On 17 December 2025 at 11:00 am dcwhyte said:
@Pragmatic. This is exactly what over 30% of submissions to the Select Committee on FSLAA recommended, i.e. that there be a categorical distinction between "sales" and "advice". In the Regulatory Impact Statement, MBIE chose to reject/ignore those recommendations so we now have VIOs classed as providing financial advice - which they do not. Don't get me wrong, I'm not against a product manufacturer distributing and selling its own products - we operate in a market economy, after all. But the distinction between product sales and financial advice should have been enshrined in legislation to protect and properly inform consumers with whom they are dealing. MBIE knew better.....
On 17 December 2025 at 12:43 pm Backstage said:
@dcwhyte, I hear you but, (acknowledging that at time of writing Du Val have not been charged) how would the aggrieved be protected from a Du Val model of vertical integration which, does sort of lean into advice on one asst class and building wealth with that asset class.

Opes lean right in on property and every communication extols its magic powers and whether interest rates are up or down or CGT is coming to town or tenants can now have pets... its all a great time to invest!
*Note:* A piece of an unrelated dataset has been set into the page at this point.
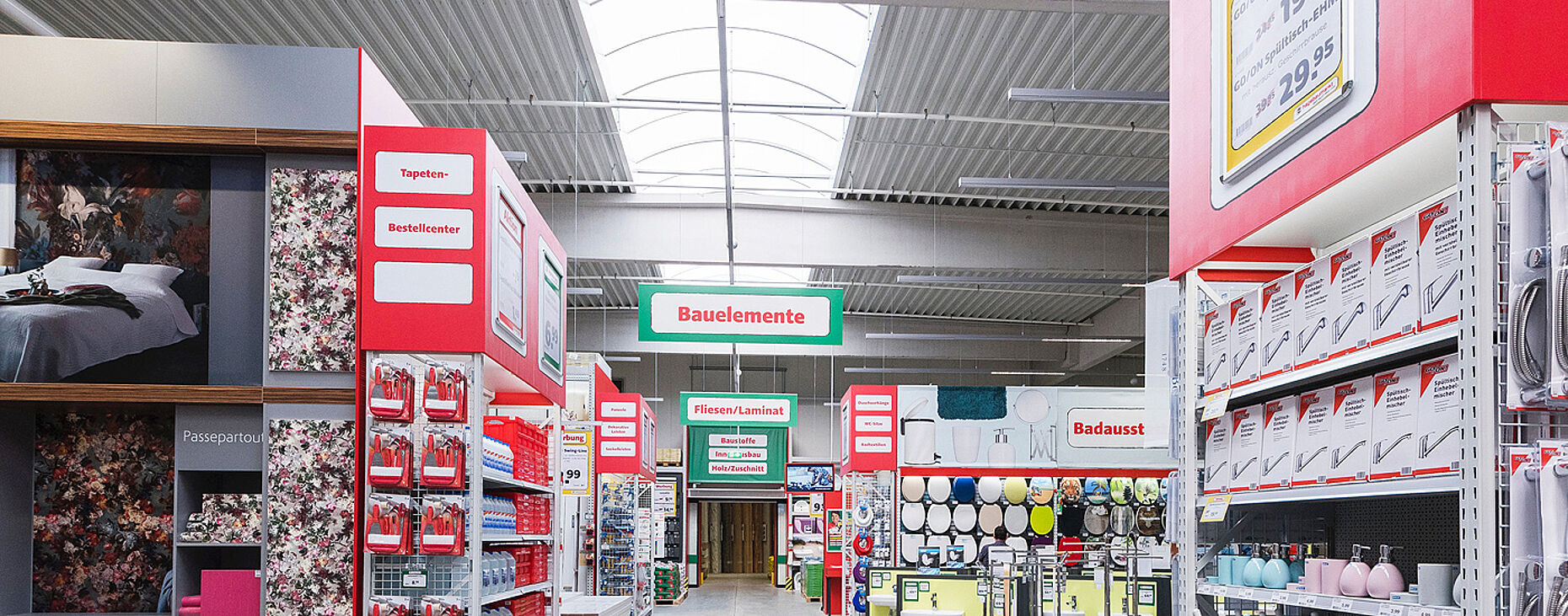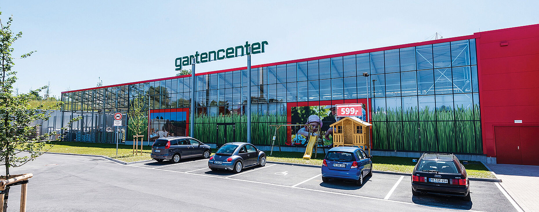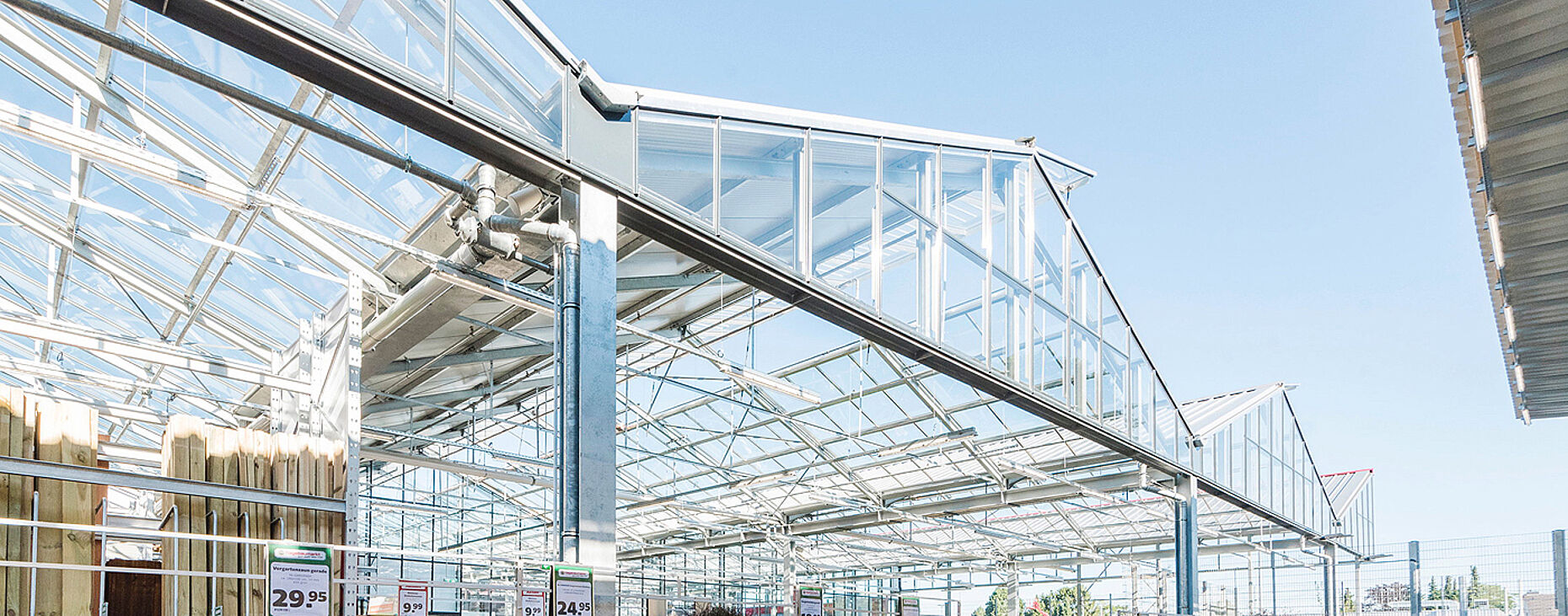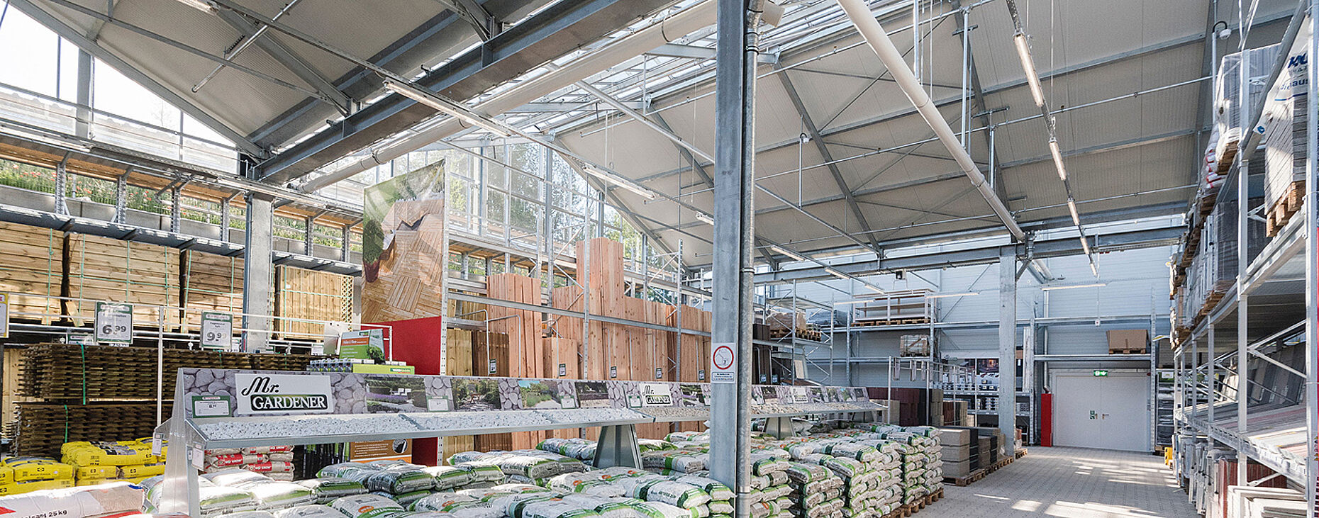 - 3-schiffiges Gartencenter mit offener Überdachung für den Verkauf von Saisonware und wetterunabhängigen Produkten

These are not new models just swished up and packaged a little differently. Fact is, they are giving advice on many levels in their supply chain.
On 17 December 2025 at 1:44 pm Amused said:
Some great comments on here.

@dcwhyte - How appropriate that MBIE should be responsible for Opes been able to hold a FAP licence when clearly they should not have one. The disastrous CCCFA changes which MBIE officials got so horribly wrong for Kiwi borrowers is another prime example of the institutional arrogance which now exists at MBIE. MBIE officials are well known for not consulting with NZ industry thinking that they always know best. This is not how a Government ministry been funded by the NZ taxpayer is supposed to be functioning.

Why bother having a code of conduct for Financial Advice Providers if Opes can provide financial advice while a conflict of interest is clearly present. This earlier ruling made by MBIE now needs overturning so that NZ consumers are then protected.